According to Backend Benchmarking, which is aiming to bring transparency to the investment management industry, Schwab Intelligent Portfolio ended the third quarter with close to $20 billion in assets, placing it in second place in terms of robo-advisors. Still, its assets pale in comparison to those of Vanguard's Vanguard Personal Advisor Services, which Backend Benchmarking said stood at $83 billion at the end of the third quarter. Betterment has more than $10 billion in assets.
Schwab Intelligent Portfolio is also an outperformer when it comes to its fixed-income portfolio. Year to date, it has a return of 6.01%. E*TRADE is in second place with fixed-income returns of 4.62%, while Fidelity Investments' Fidelity Go is in third place with year-to-date returns of 4.59%.

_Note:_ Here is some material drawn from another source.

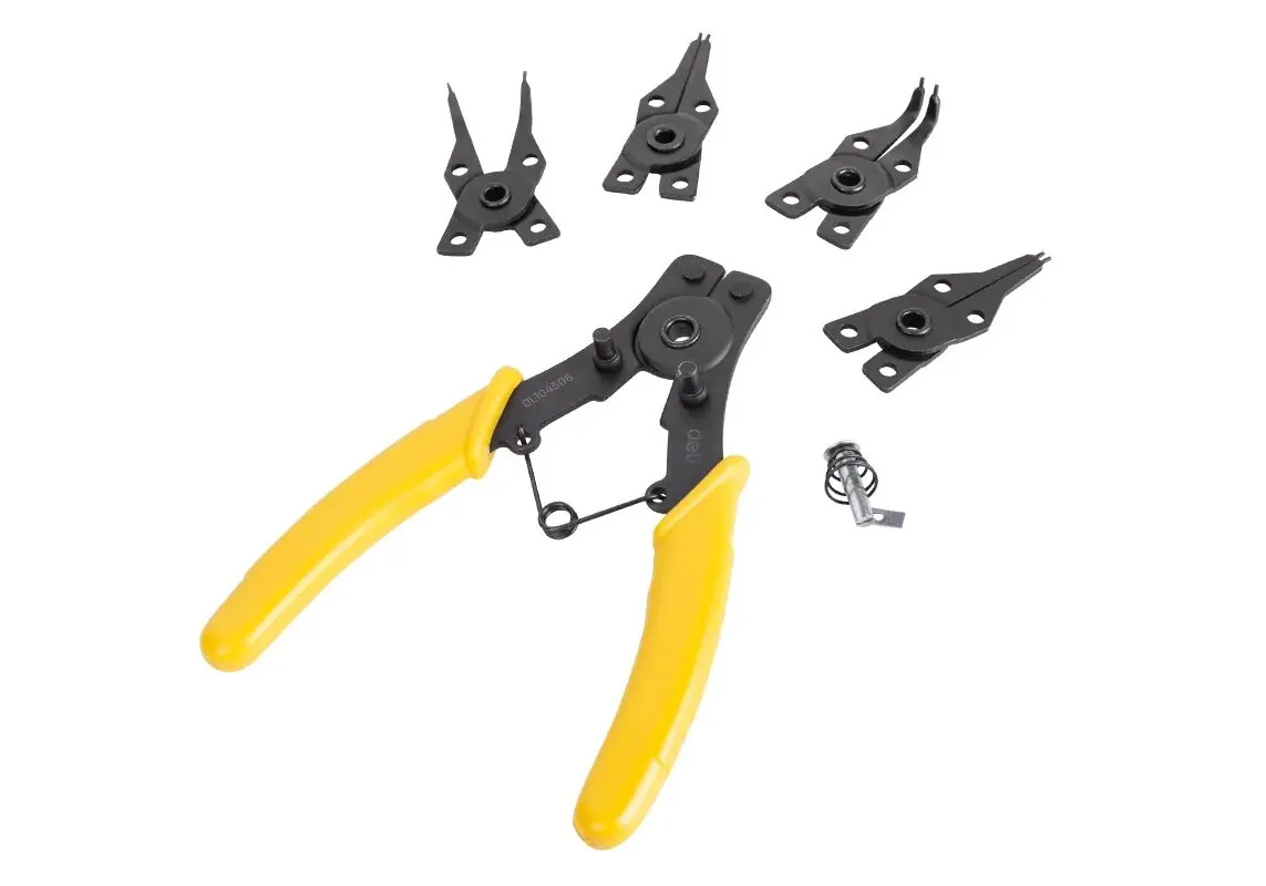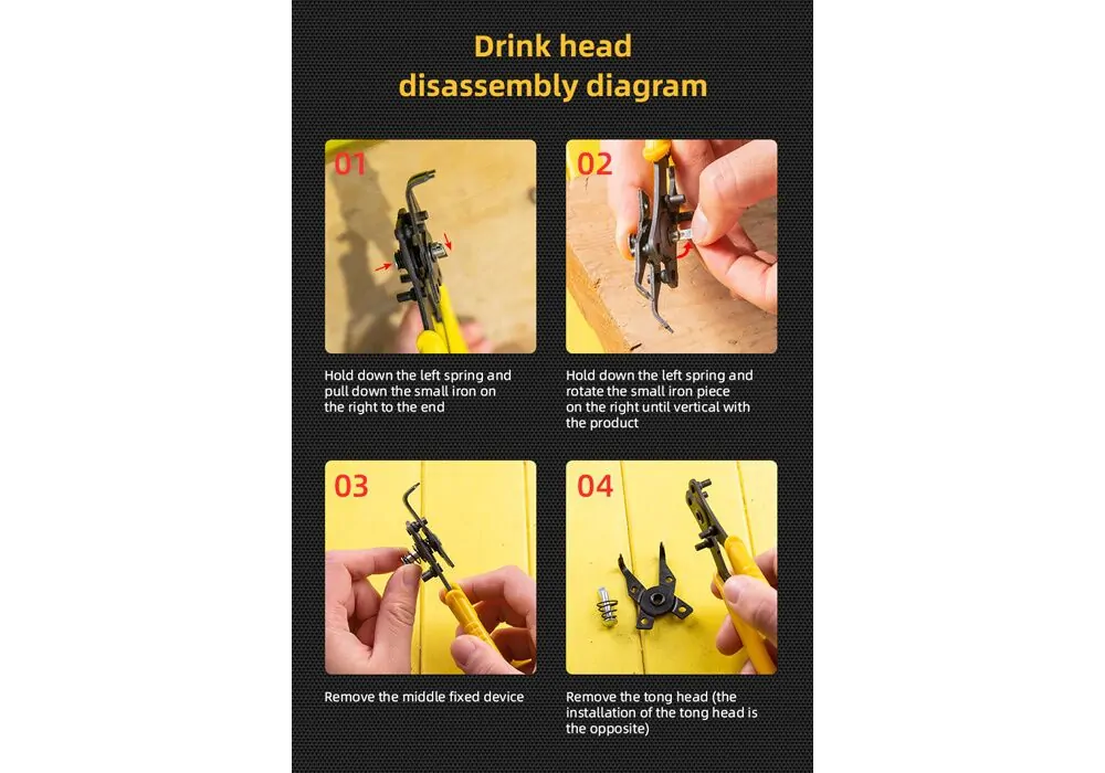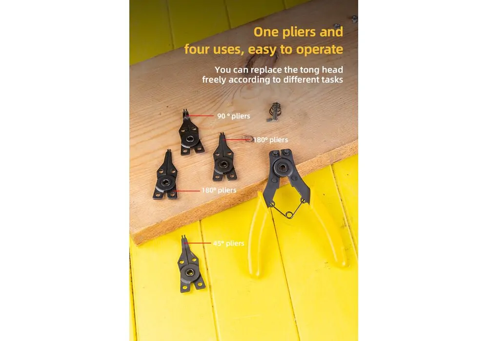 Ασφαλειοτσίμπιδο της Deli με 4 κεφαλές, κατάλληλες για διαφορετική χρήση.
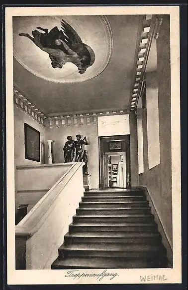 AK Weimar, Goethe Nationalmuseum, Treppenaufgang

According to Backend Benchmarking, when it comes to analyzing robo-advisors, performance and risk go hand in hand. After all, if investors don't understand the risks associated with their investment, they could be in for a big shock if the portfolio becomes volatile. The firm found that the Schwab model portfolio was the least risky based on its standard deviation and its Sharpe ratio. Still, the firm said that it is reserving judgment on the portfolio's risk to see how it performs when the market is in a downturn. After all, Backend Benchmarking said that the Schwab's portfolio is "heavily invested in historically riskier assets" such as international and high-yield bond funds.